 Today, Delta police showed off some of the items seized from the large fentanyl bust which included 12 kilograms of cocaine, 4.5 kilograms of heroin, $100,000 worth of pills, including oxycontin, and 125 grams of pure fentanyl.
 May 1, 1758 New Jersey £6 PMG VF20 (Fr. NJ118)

· · · · ·

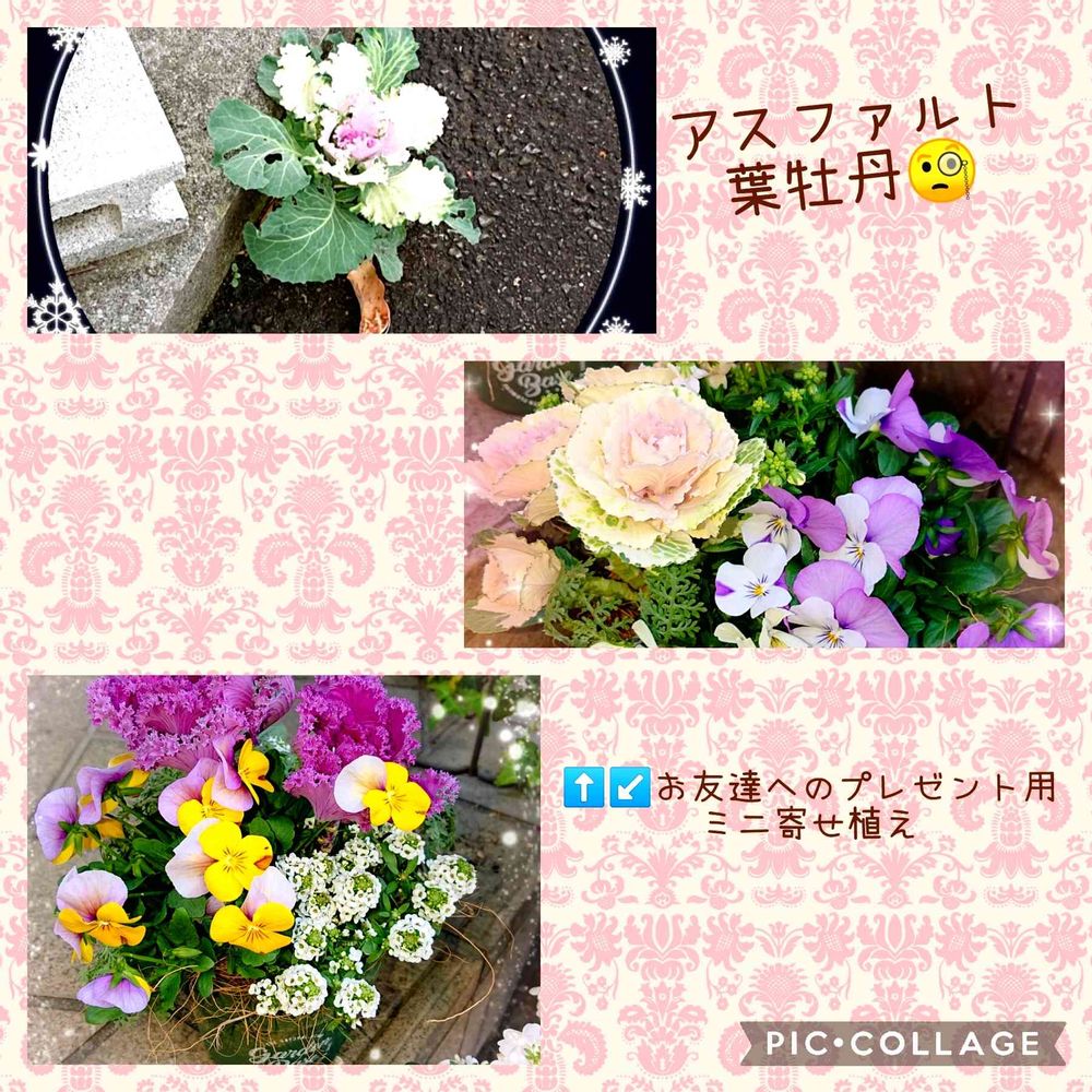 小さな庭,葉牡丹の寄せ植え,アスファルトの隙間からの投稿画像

· · · · ·

■ **What to work on**
Proceeding from the line containing "Today, Delta police" through the line containing "May 1, 1758", transcribe the lines above exactly, both end lines included.

■ **Answer to this problem**
 Today, Delta police showed off some of the items seized from the large fentanyl bust which included 12 kilograms of cocaine, 4.5 kilograms of heroin, $100,000 worth of pills, including oxycontin, and 125 grams of pure fentanyl.
 May 1, 1758 New Jersey £6 PMG VF20 (Fr. NJ118)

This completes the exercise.